Потом начались трудности. Я отвез ее к себе, и мы сразу поднялись в мою комнату. Я боялся, что отец увидит ее; у него-то в жизни хватало настоящих красоток. Но он спал, более того, в тот день он перепил и очнулся только к десяти вечера. Как ни странно, она не дала мне снять с нее трусы. У нее еще никогда ничего не было, призналась она, вообще с мальчиками ничего не было. Но дрочила она мне довольно уверенно, с большим энтузиазмом; помню, как она улыбалась. Потом я поднес член к ее губам; она немного пососала его, но ей это не слишком понравилось. Я решил не настаивать и просто сел на нее верхом. Я просунул член между ее грудей и почувствовал, что ей очень приятно, она тихо застонала. Я ужасно возбудился, встал и спустил с нее трусы. На этот раз она не возражала, даже подняла ноги, чтобы мне помочь. Да, она была далеко не красавица, но вульва ее манила, как у любой женщины. Она закрыла глаза. Стоило мне просунуть руки ей под попу, как она широко раздвинула ноги. Это так на меня подействовало, что я тут же кончил, еще не успев толком ей вставить. Немного спермы попало ей на лобок. Я страшно расстроился, но она сказала, ничего страшного, ей хорошо.

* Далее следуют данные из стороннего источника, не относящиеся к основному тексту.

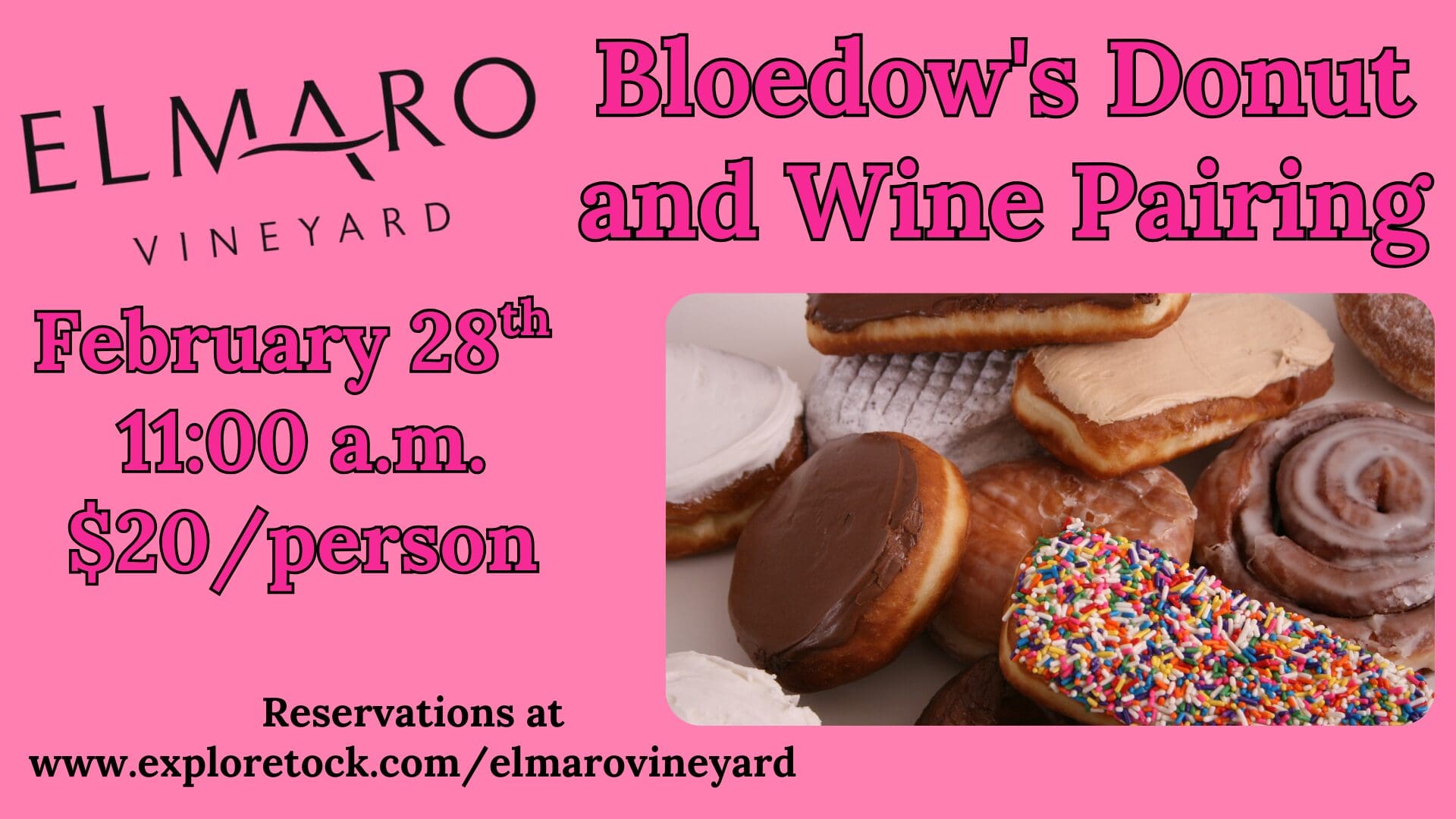 Elmaro wines paired with Bloedow’s donuts! On Saturday, February 28th at 11:00 a.m., $20/person, you’ll sip and savor five donut and wine samples. Stroll through the pairings at your own pace, and come hungry. This year, there's special donut creations in the works that might involve a top selling Elmaro wine!

Времени на разговоры у нас не оставалось, было уже восемь, и Анник заторопилась домой, к родителям. И почему-то сообщила мне, что она единственный ребенок. Она выглядела такой счастливой, так гордилась, что у нее появилась уважительная причина опоздать к ужину, что я чуть не расплакался. Мы долго целовались в палисаднике перед домом. На следующее утро я вернулся в Париж.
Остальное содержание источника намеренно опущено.